The most vexing disappearing drive problems you’ll run into are the result of BIOS issues. Most BIOS vendors allow new drives to be detected and installed automatically. However, some vendors require that you enable the drive in the BIOS manually before you can use a new drive. Many of the popular Dell computers, such as the Precision and Dimension lines, ship with a BIOS that requires you to manually configure it in order for the drive to appear to the operating system.
Figure C shows an example BIOS configuration display. If the drive is configured as [None], the drive may not be detected. To make the drive appear to the system, you must configure the setting to Auto, or to a user-defined drive parameter. The Auto setting will work for virtually all systems created in the last 2-3 years.

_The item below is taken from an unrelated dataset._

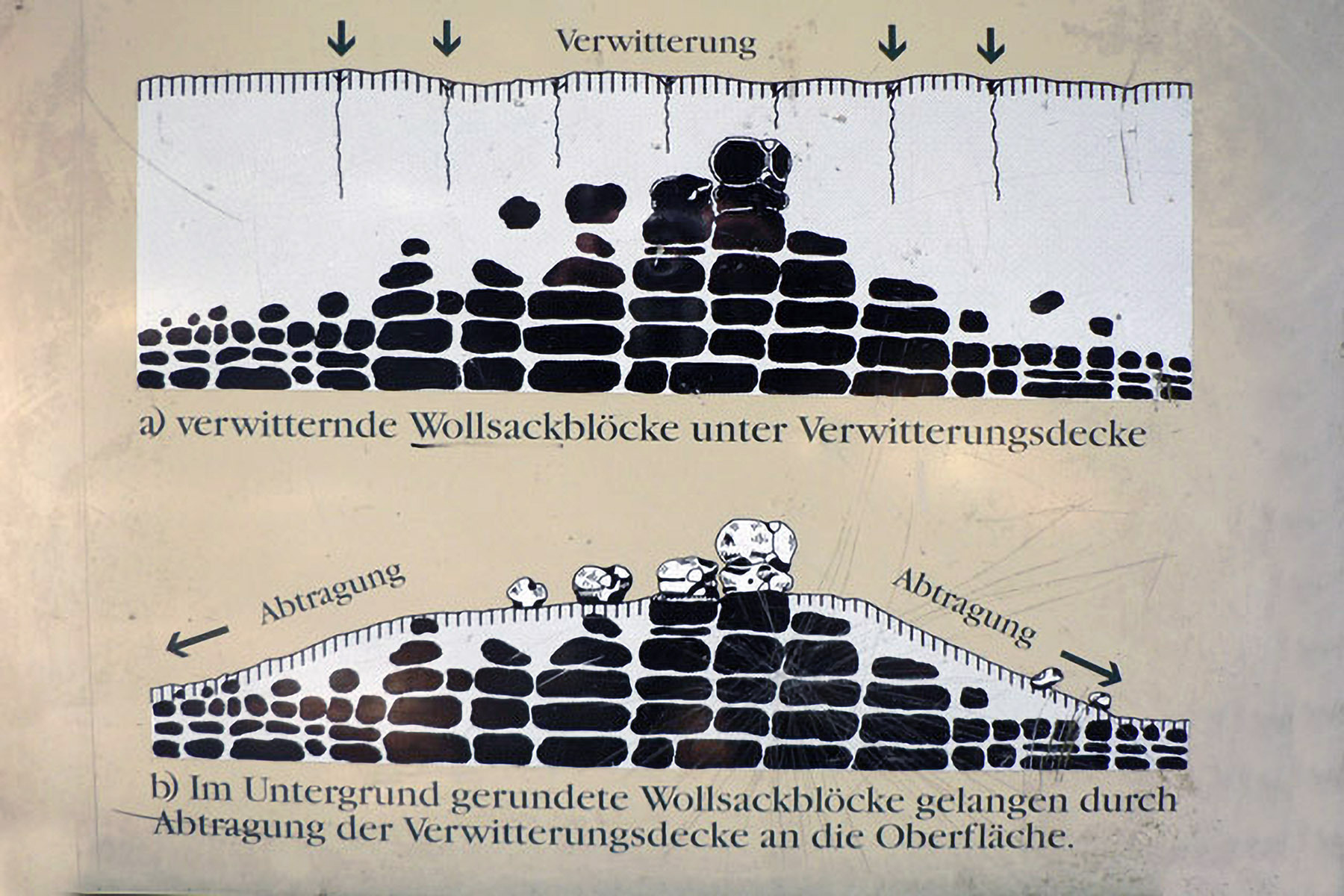 Die Verwitterung erfolgte bei tropischem Klima im Boden. Zunächst entstanden durch Risse im Fels eckige Blöcke. Deren Kanten wurden durch eindringendes Wasser aufgelöst und die Gesteinsblöcke damit gerundet. Schließlich wurden Teile der Felsformation freigelegt.
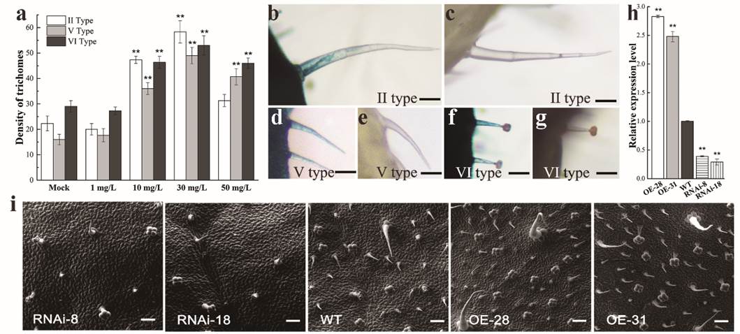 该论文对依赖R2R3 MYB的生长素信号转导通路调控番茄表皮毛形成机制进行了报导。生长素喷施番茄秧苗可大幅提高叶片表面II型,V型和VI表皮毛的密度。Aux/IAA蛋白和ARF蛋白在生长素信号转导过程中发挥了重要作用。ARF家族转录因子可发挥转录激活或抑制作用。本研究对番茄生长素响应基因SlARF4以及其下游调控网络进行了分析。量表达SlARF4基因后番茄叶片表面II型,V型和VI型表皮毛密度增加。抑制表达SlARF4基因可降低上述三种表皮毛密度。

|Configuring the BIOS to recognize a drive|
Hot-swappable floppy drive
If you are working with a Windows Me machine, you might find that floppy drives mysteriously disappear. This happens when you use an external floppy drive that isn’t connected when the computer is turned on or while the computer is attached to a docking station. Check out Q271233 in the Microsoft database for details on a solution to this problem.
DOS LASTDRV entry in config.sys
If you are still supporting computers running MS-DOS, you need to be aware of the LASTDRV directive in the config.sys file, which instructs DOS to limit the number of drive letters based on the LASTDRV entry. If this setting is something like LASTDRV=E (which allows only three hard disk partitions, because A and B are reserved for floppy drives) and you create a fourth drive on the machine, the operating system will not assign a drive letter to that new partition or logical drive This problem doesn’t affect newer Windows operating systems, but it could wreak havoc with your DOS systems (including Windows 3.x running on DOS).
Missing drive letters are often due to hardware errors, and general troubleshooting procedures dictate that you start at the physical layer and seek these out first. If you can’t identify a hardware error, however, there are also some common software configuration problems that could be the culprit. Taking a methodical approach to troubleshooting missing drives should ensure that you will find the cause of the problem quickly and solve it in no time.